The Campbell Collaboration is a nonprofit organization that promotes evidence-based decisions and policy through the production of systematic reviews and other types of evidence synthesis. Campbell is composed of coordinating groups that coordinate the production of systematic reviews and evidence gap maps in the following areas: Business & Management, Climate Solutions, Crime & Justice, Disability, Education, International Development, Knowledge Translation & Implementation, Methods, and Social Welfare. It is a sister initiative of Cochrane, with secretariat staff in Oslo and New Delhi. The current president of the board of directors is Jeremy Grimshaw.

Campbell reviews are published in Campbell Systematic Reviews, an open access journal committed to publishing systematic reviews as well as methods research papers, and evidence and gap maps. The Editor-In-Chief is Vivian Welch from the University of Ottawa.

History

The Campbell Collaboration was created as a result of a perceived need for an organization that would produce reviews of the evidence on the effectiveness of social interventions.
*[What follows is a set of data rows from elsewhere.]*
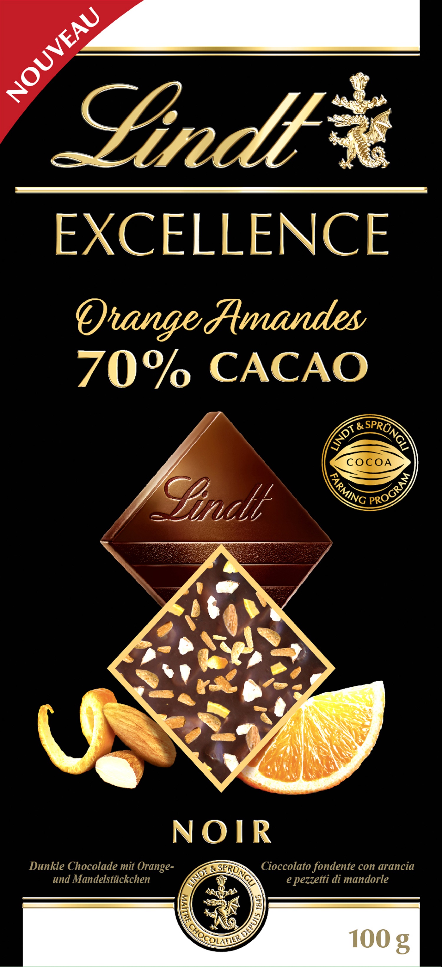 Goûtez au plaisir d'une tablette de chocolat intensément fine et gourmande avec LINDT excellence noir 70% Eclats orange amandes. L'alliance d'un fin chocolat noir à haute teneur en cacao au croquant de savoureux éclats d'amande et à la fraîcheur de l'orange. Une texture unique et authentique pour une expérience de dégustation surprenante.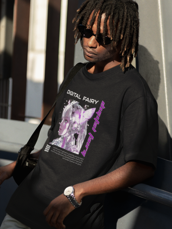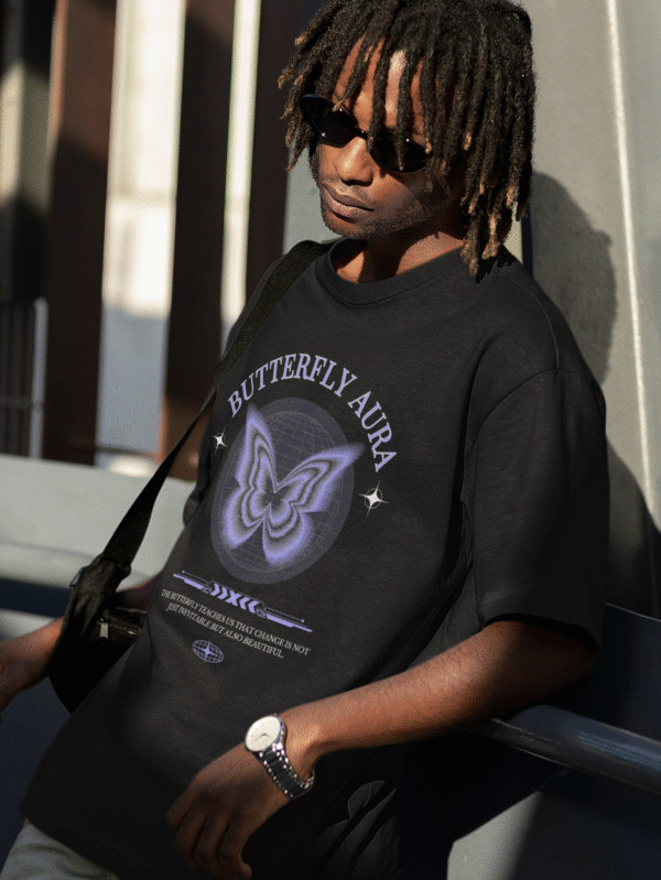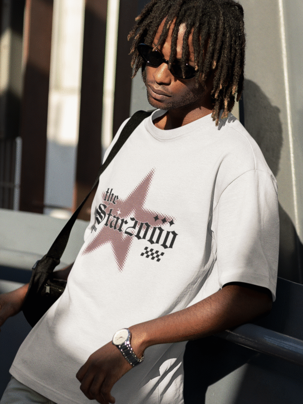 Stand out with this striking white "Hole in the Earthcore" t-shirt, styled with a black jacket, sunglasses, and a confident urban pose.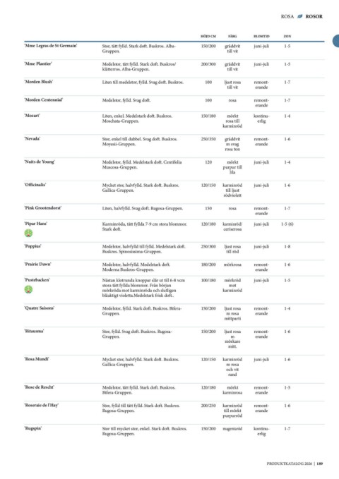 'Mme Legras de St Germain' Stor, tätt fylld. Stark doft. Buskros. Alba- HÖJD CM FÄRG BLOMTID ZON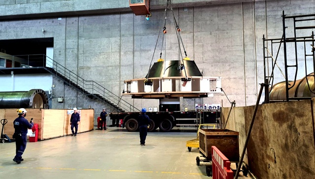 Consultado sobre dónde se están fabricando las turbinas, Ríos dijo que “esencialmente, las turbinas se fabrican en China. Los ejes son de Italia y de España. Los compartimentos y rejas se fabrican en Argentina. Los componentes fijos se fabrican en Paraguay. Los bobinados de los generadores, en Brasil. Los transformadores de salida de potencia se fabrican en Croacia. El puente grúa está en viaje desde la India hacia la zona de obra. Esta se irá montando y estará en las próximas semanas”.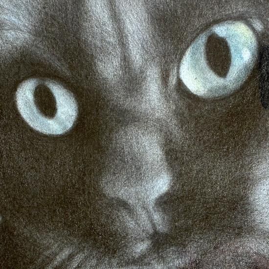 色鉛筆による密度の高い描き込みとやわらかな毛並みを描き出す表現力に惹き込まれます。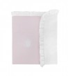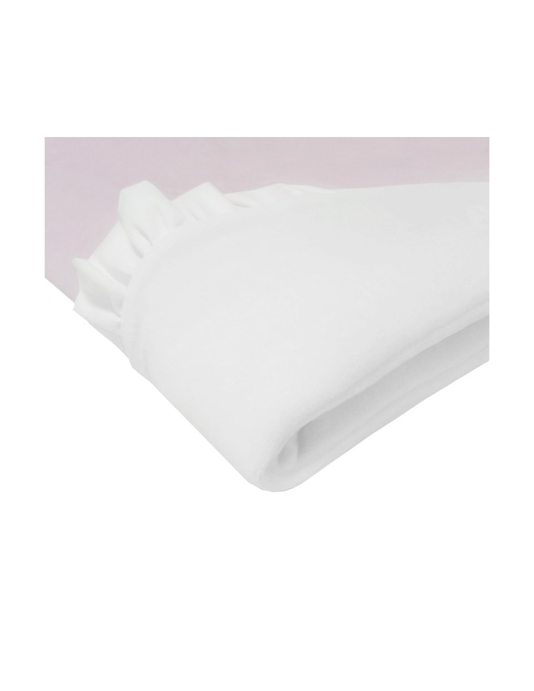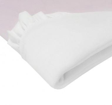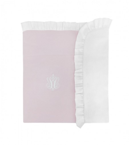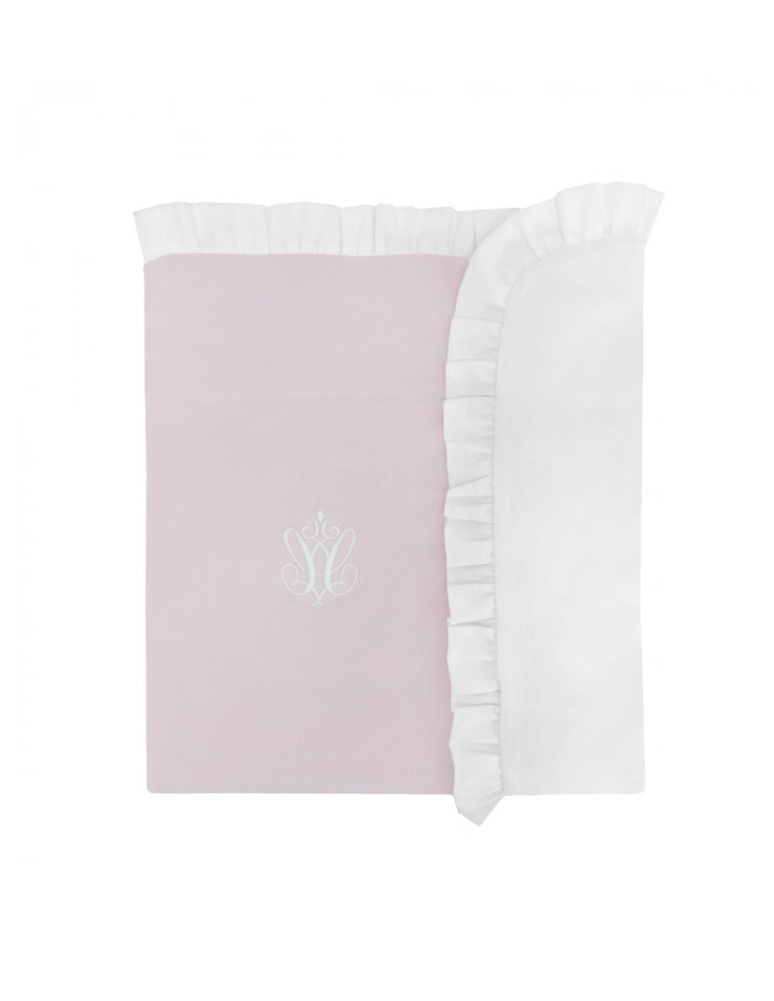 Eine bezaubernde Samtdecke in zartem Puderrosa. Verziert mit einer dekorativen Rüsche und einem eleganten Emblem. Es ist eine hervorragende Ergänzung zur Babyausstattung für ein Mädchen und eine gute Geschenkidee für ein Kind.

An exploratory meeting in London in 1999 led to the establishment of the Campbell Collaboration in 2000 and an inaugural meeting at the University of Pennsylvania in Philadelphia, United States, on 24–25 February 2000.

The collaboration was named after the American psychologist Donald T. Campbell (1916-1996), a member of the National Academy of Sciences in the United States.

In December 2004, the American Psychological Association published an article on the work of the Campbell Collaboration.

In May 2005, a special issue of the Annals of the American Academy of Political and Social Science was devoted to describing what the evidence-based approach of the Cochrane Collaboration and Campbell Collaboration had uncovered.

The International Initiative for Impact Evaluation (3ie) and the University of Ottawa established the International Development Coordinating Group (IDCG) in May 2011.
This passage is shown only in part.